Одноклассницы стали относиться ко мне с плохо скрываемой завистью: я была единственной, кто уже снимался в кино. Меня это, если честно, расстраивало, но такова актерская профессия — конкуренция в ней велика. И если у тебя что-то начинает получаться, не жди одобрения коллег, редко кто умеет искренне радоваться чужому успеху. Наверное, поэтому настоящих подруг среди актрис я так и не завела.

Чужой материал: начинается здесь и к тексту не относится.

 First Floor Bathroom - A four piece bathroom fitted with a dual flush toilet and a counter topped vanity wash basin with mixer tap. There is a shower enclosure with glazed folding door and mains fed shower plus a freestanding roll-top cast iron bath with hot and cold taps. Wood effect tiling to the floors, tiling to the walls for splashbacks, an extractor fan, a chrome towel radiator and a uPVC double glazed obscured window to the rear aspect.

Съемки закончились, но никаких новых предложений не последовало. Может, оно и к лучшему. Мне удалось без проблем окончить школу и поступить в Щепкинское училище. Штурмовали его двери всем классом, но на курс Юрия Мефодьевича Соломина зачислили лишь меня и еще одного мальчика. Я была счастлива, думала: учиться у такого мастера — большая удача. Но с первых же занятий выяснилось, что радоваться рано.

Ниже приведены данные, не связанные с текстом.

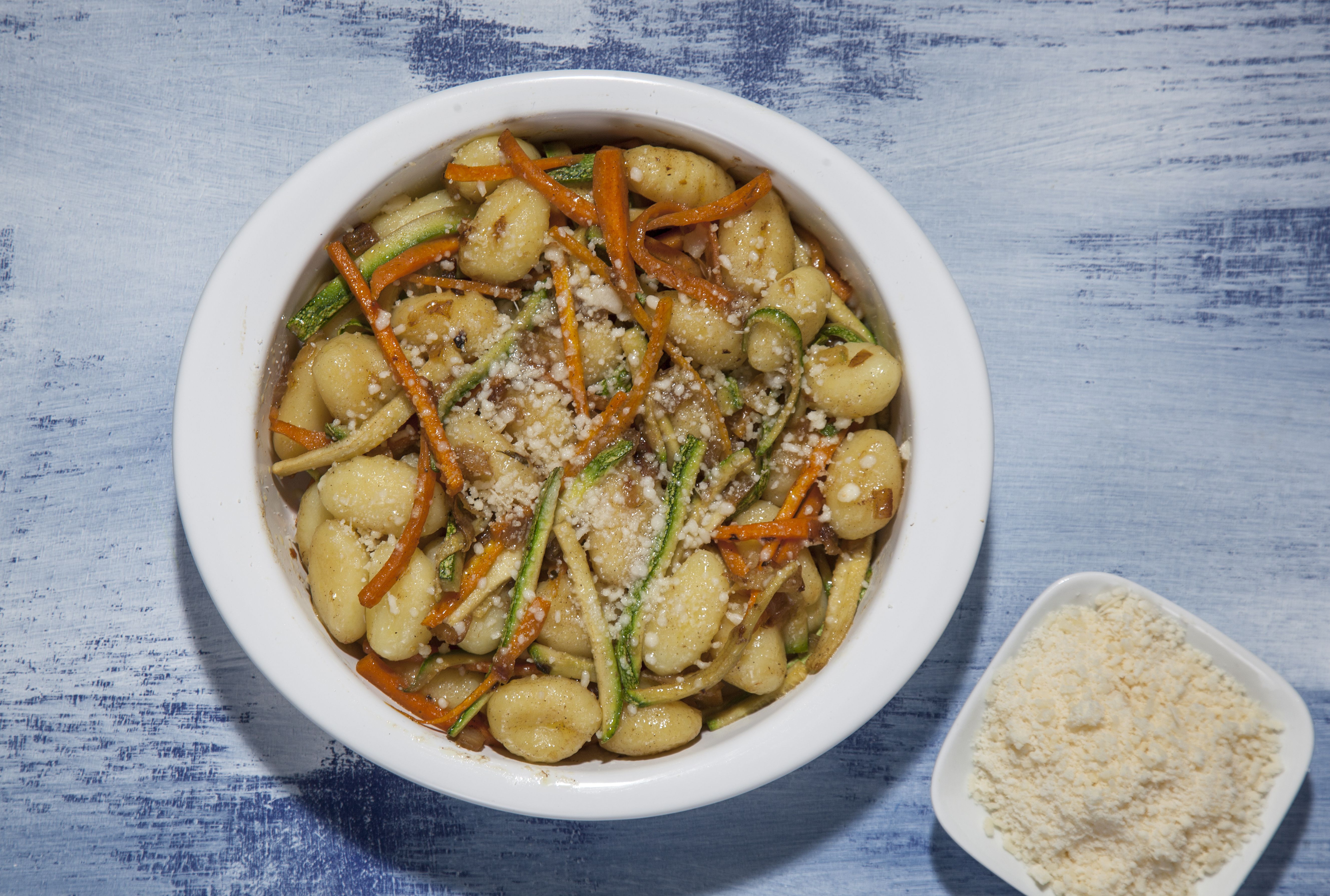 Προθερμαίνουμε τον φούρνο στους 200°C. Ζεσταίνουμε σε μια αντικολλητική κατσαρόλα το ελαιόλαδο και σοτάρουμε το κρεμμύδι με το σκόρδο μέχρι να μαραθούν. Προσθέτουμε τα λαχανικά και τον ζωμό και μαγειρεύουμε για 5 λεπτά. Παράλληλα, βράζουμε τα νιόκι σύμφωνα με τις οδηγίες που αναγράφονται στη συσκευασία τους. Τα βγάζουμε από το νερό με μια τρυπητή κουτάλα και τα ρίχνουμε στην κατσαρόλα με τα λαχανικά. Συνεχίζουμε το μαγείρεμα για 5 λεπτά και μοιράζουμε τα νιόκι σε 4 μικρά, αντικολλητικά πυρίμαχα μπολ. Πασπαλίζουμε με την παρμεζάνα.

Юрия Мефодьевича мы видели в училище считаные разы, он человек занятой, многие годы руководит Малым театром, играет на сцене, снимается в кино, да и общественных обязанностей у него море. Так что реально курсом руководила жена Соломина. А Ольга Николаевна — сложный человек. Перед ней трепещет вся «Щепка».
Студентам театральных вузов категорически запрещают сниматься в кино. Считается, что там их испортят, научат не тому, потом придется переучивать. Наверное, правильно. Но удержаться, если зовут, очень трудно, боишься упустить выпавший шанс. Вот и я согласилась, когда пригласили в сериал «Огнеборцы». Тем более что работать предстояло с Максимом Авериным, у меня была роль влюбленной в него девушки.
Заранее обговорила график съемок, его составили так, что я была задействована в основном по ночам и в выходные. Но кино вещь непредсказуемая: кто-то из актеров заболел, график спешно перекроили и меня вызвали на площадку в тот день, когда в училище проходили занятия по мастерству.
— Пожалуйста, позвоните в учебную часть, отпросите на съемки официально, мне точно откажут, — сказала я в группе.
— Без проблем, — говорят.
Через полчаса перезванивают:
— Не волнуйся, тебя отпустили, все нормально.
И я с чистой совестью пропустила занятия. На следующий день Ольга Николаевна входит в аудиторию, обводит всех взглядом и, увидев меня, говорит:
— Сейчас встанет девочка, которая будет отчислена за обман преподавателя.
— Это я, что ли?
— Ты, ты, Хилькевич.
Вставай!
— Подождите, я никого не обманывала...
— Вышла вон без разговоров.
И я вышла. А что еще оставалось? Как потом выяснилось, из съемочной группы действительно звонили, но Ольга Николаевна пропускать занятия категорически не разрешила, о чем мне, конечно же, не сообщили. В коридоре я встретила преподавательницу, ассистентку Соломиной.
Она была в курсе и посоветовала: «Тебе нужно встать на колени перед Ольгой Николаевной, может быть, тогда она тебя простит».
Ничего себе! Почему я должна вставать на колени? Как-то это не по-человечески.
Позвонила маме. Она примчалась в училище, разыскала Ольгу Николаевну.
— Я — мама Ани Хилькевич, произошло недоразумение...
Но Ольга Николаевна даже не дала ей договорить:
— Слушать ничего не хочу! Такие вещи не прощают!
И резко вышла из аудитории. Не успевшая посторониться мама оказалась у нее на дороге и получила локтем в живот.
Ошарашенная таким приемом, она призвала на помощь папу — «высшую инстанцию» в нашей семье.
Он поговорил с Соломиной, и Ольга Николаевна сказала: «Ладно, пусть учится». Но с этого дня она стала меня игнорировать. Не замечала, словно я человек-невидимка. Подготовлю отрывок, хочу показать, а меня не вызывают. Студентам дают задание сыграть какой-то этюд, но меня не задействуют... Понимая, что дальше будет только хуже, я обратилась к ректору Щепкинского училища. Он ничуть не удивился, видимо, уже привык к жалобам на Соломину: «Все понимаю, просто это не ваш худрук. Потерпите, на будущий год актеров набирает Коршунов, переведу вас к нему».